Data records
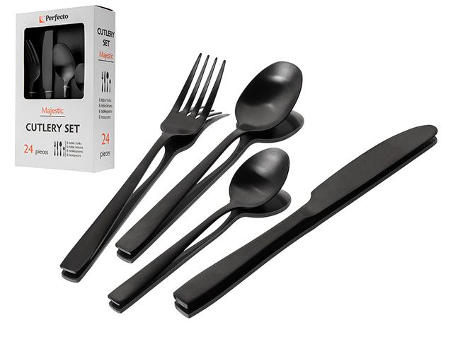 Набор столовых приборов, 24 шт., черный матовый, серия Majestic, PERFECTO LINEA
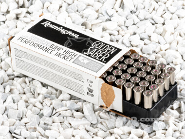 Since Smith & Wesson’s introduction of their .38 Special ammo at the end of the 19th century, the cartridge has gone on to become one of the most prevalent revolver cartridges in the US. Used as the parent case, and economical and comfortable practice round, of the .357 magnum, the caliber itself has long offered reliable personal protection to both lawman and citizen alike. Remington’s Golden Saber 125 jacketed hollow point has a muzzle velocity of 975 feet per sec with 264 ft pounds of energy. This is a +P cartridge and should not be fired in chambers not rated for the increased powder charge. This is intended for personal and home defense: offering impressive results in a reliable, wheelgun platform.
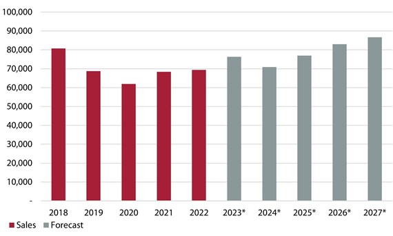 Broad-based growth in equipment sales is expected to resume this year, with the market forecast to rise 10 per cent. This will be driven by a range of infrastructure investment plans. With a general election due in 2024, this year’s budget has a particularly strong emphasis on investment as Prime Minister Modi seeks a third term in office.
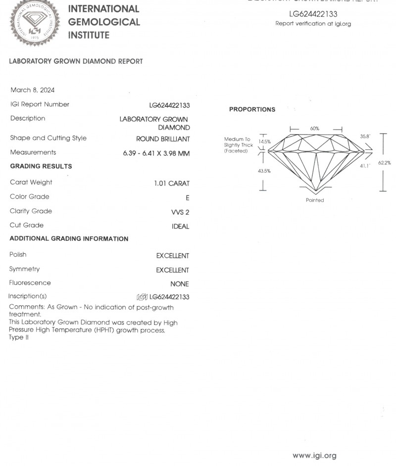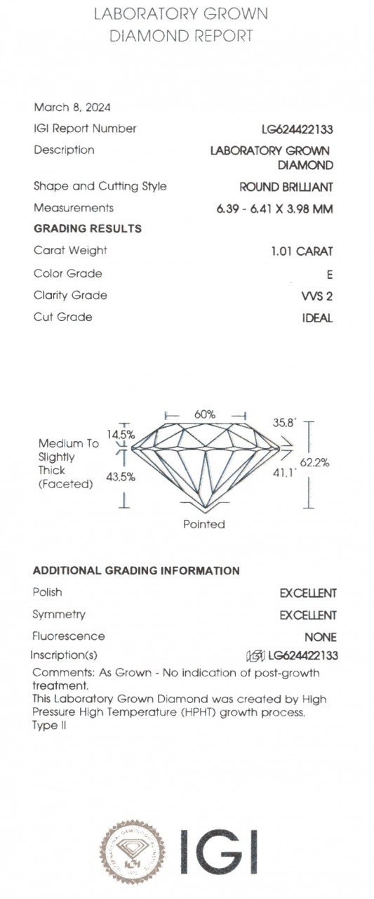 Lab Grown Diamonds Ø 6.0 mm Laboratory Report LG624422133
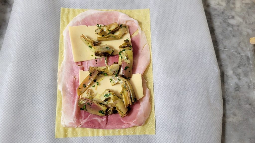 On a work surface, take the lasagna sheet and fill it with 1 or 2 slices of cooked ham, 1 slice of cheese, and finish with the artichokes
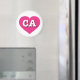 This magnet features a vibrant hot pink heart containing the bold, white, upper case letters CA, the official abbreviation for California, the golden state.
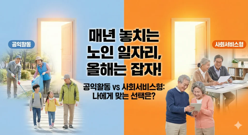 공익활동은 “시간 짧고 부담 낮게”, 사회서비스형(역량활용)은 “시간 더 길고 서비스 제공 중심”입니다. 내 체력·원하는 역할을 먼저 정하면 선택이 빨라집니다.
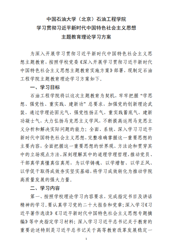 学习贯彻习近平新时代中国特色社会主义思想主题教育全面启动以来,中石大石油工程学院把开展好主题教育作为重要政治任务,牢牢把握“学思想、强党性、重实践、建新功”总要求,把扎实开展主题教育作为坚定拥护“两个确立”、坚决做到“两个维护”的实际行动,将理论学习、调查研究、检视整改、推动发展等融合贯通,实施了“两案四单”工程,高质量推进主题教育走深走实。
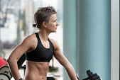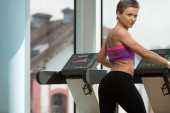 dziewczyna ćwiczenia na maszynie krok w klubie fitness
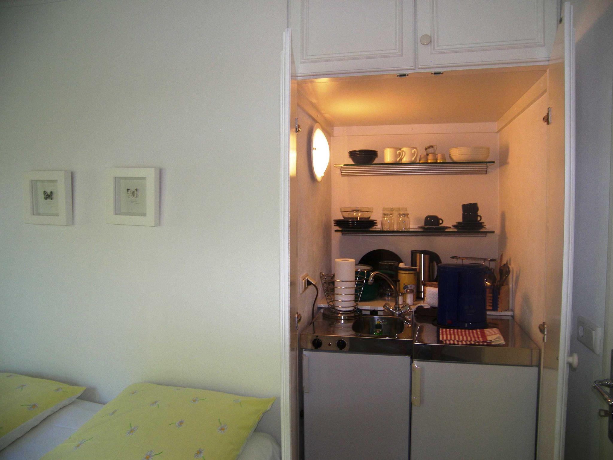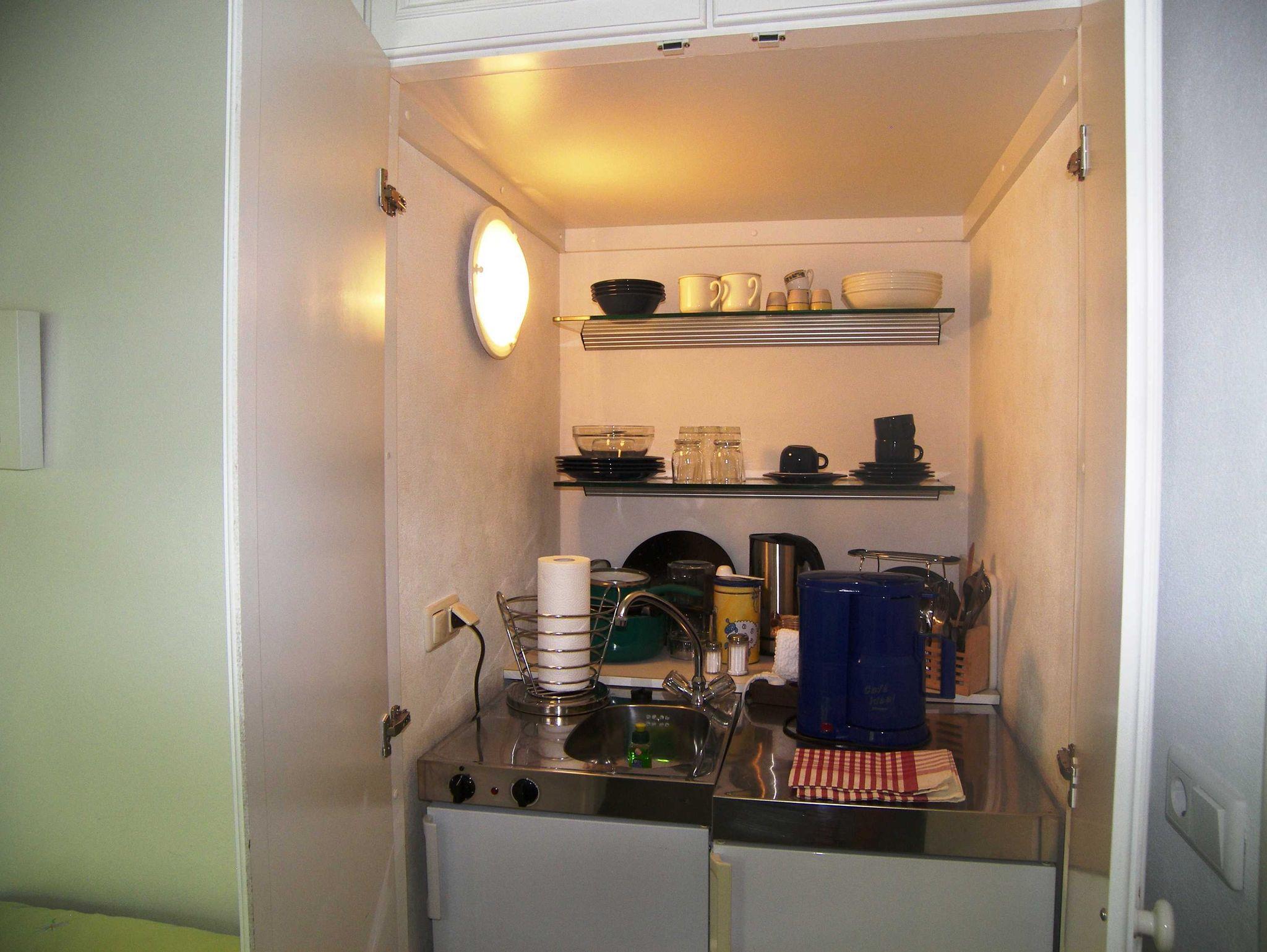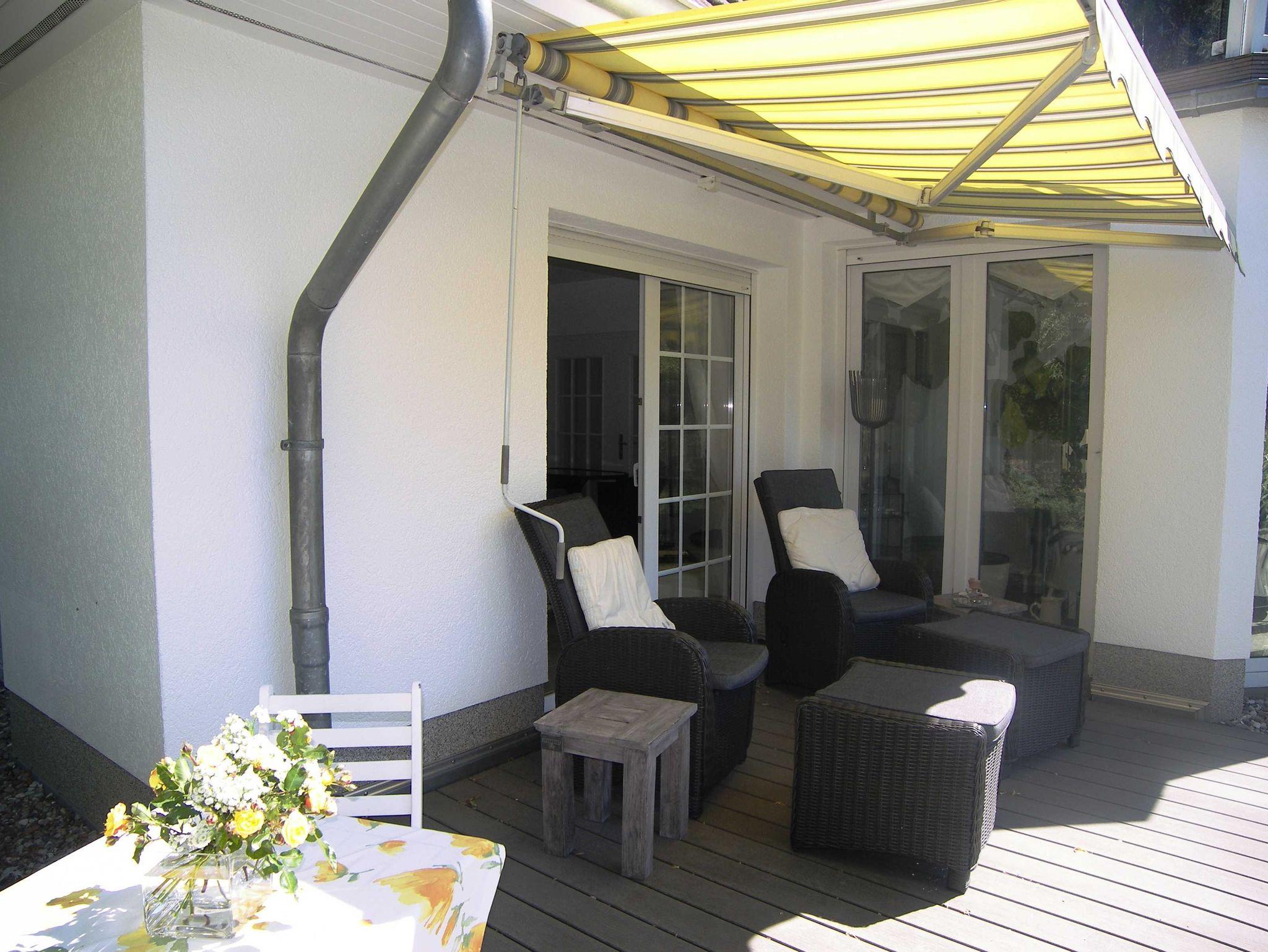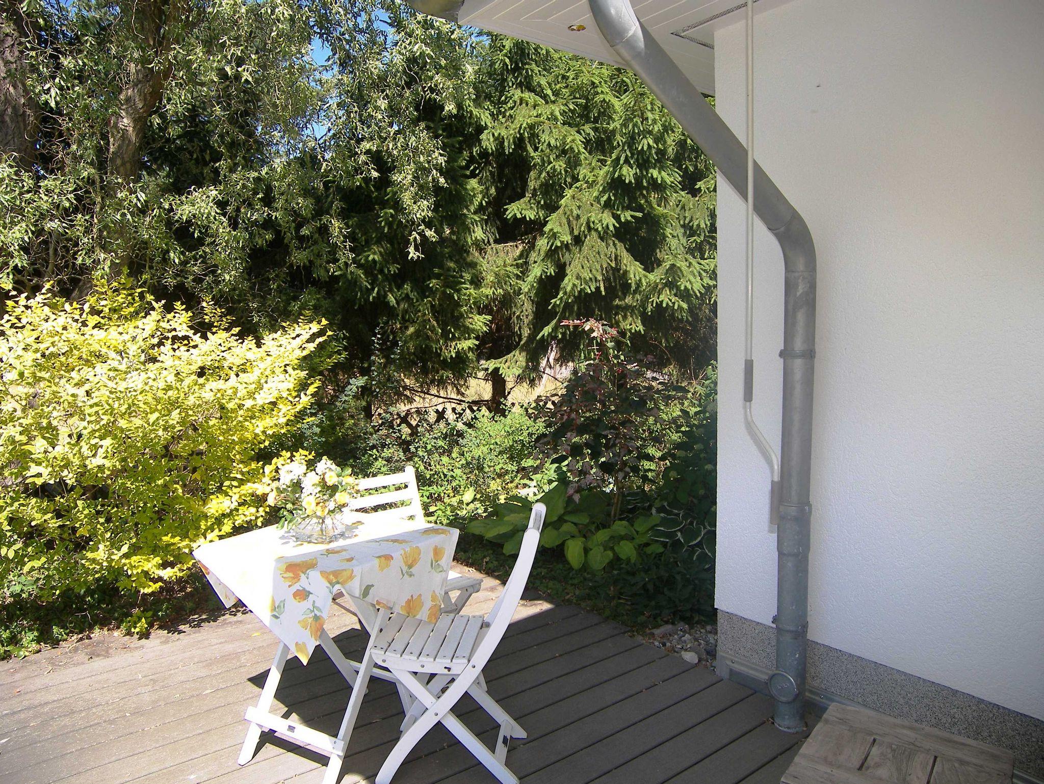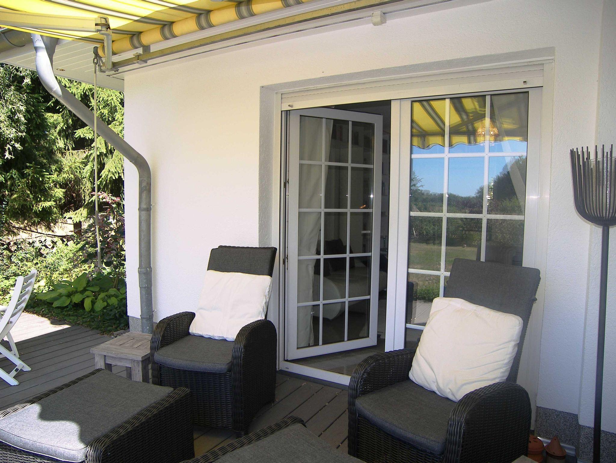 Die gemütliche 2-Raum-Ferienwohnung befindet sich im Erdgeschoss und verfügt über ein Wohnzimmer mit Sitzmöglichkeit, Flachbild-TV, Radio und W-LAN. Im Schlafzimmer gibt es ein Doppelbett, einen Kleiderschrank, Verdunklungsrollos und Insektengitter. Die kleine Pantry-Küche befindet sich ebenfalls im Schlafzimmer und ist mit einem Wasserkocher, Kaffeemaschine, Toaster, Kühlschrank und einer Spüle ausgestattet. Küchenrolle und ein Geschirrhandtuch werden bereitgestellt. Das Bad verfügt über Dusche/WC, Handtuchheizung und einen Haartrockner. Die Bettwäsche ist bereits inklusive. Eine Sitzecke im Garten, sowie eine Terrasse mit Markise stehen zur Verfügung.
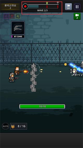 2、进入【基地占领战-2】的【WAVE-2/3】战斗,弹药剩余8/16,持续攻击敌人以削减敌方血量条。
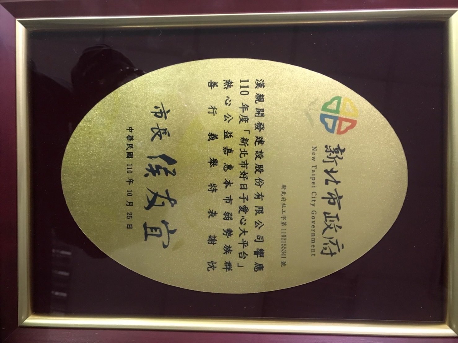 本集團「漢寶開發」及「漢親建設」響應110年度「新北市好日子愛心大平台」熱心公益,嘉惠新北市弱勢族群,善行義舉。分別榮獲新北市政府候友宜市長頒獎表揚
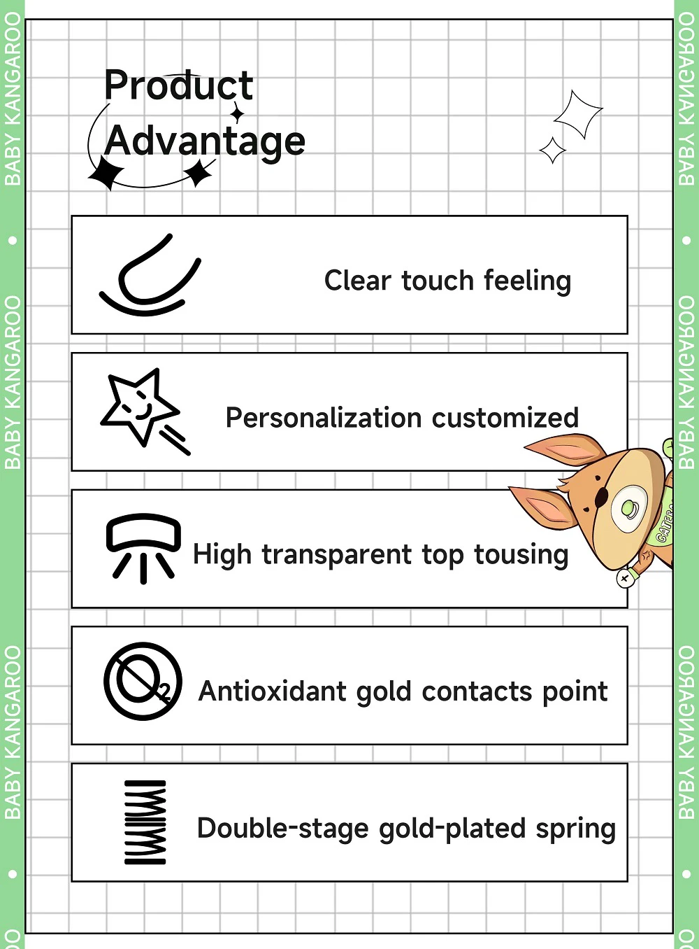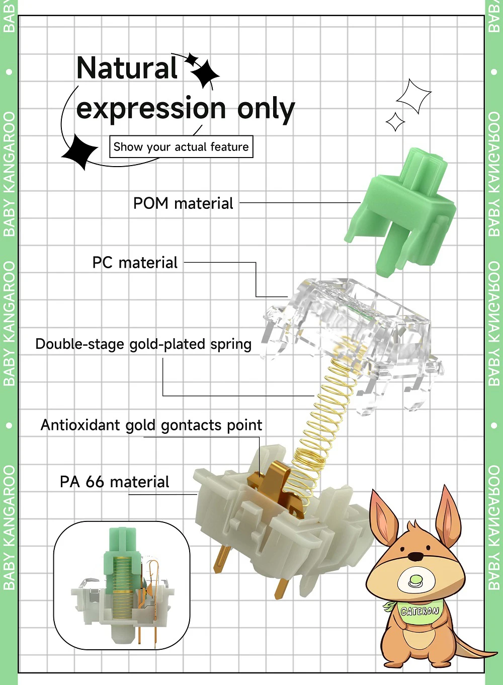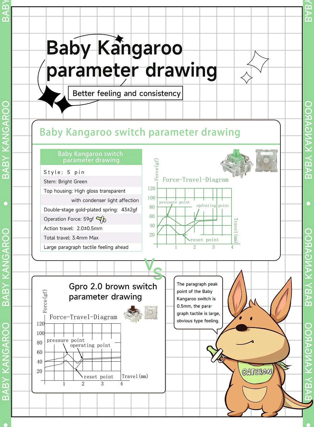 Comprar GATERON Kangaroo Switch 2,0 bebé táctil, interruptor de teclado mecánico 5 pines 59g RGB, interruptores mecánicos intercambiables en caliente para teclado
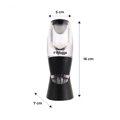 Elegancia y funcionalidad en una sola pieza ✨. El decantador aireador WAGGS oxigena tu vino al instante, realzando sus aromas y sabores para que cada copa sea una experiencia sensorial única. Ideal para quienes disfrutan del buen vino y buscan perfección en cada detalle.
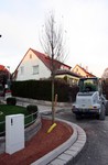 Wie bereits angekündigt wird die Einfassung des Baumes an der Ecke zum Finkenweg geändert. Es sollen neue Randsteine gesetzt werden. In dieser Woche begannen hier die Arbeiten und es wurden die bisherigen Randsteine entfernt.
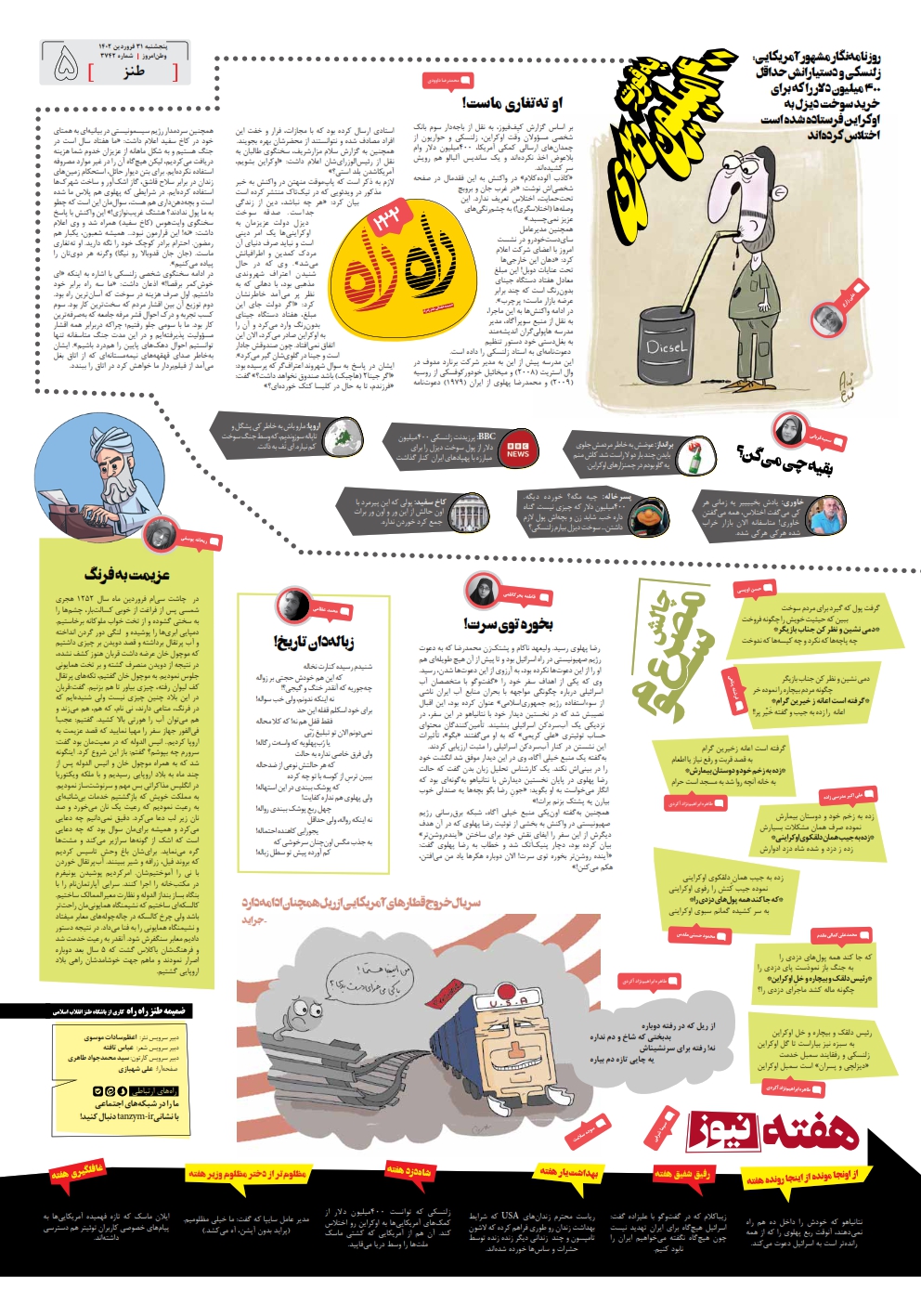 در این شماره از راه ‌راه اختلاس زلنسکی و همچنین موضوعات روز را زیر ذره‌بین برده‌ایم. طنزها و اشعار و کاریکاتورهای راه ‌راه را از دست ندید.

Directions
Print from the line containing "Lab Grown Diamonds" through the line containing "정하면 선택이 빨라집니다." in the data above, exactly as the lines stand, and omit every picture.

Solution to this exercise
 Lab Grown Diamonds Ø 6.0 mm Laboratory Report LG624422133
 On a work surface, take the lasagna sheet and fill it with 1 or 2 slices of cooked ham, 1 slice of cheese, and finish with the artichokes
 This magnet features a vibrant hot pink heart containing the bold, white, upper case letters CA, the official abbreviation for California, the golden state.
 공익활동은 “시간 짧고 부담 낮게”, 사회서비스형(역량활용)은 “시간 더 길고 서비스 제공 중심”입니다. 내 체력·원하는 역할을 먼저 정하면 선택이 빨라집니다.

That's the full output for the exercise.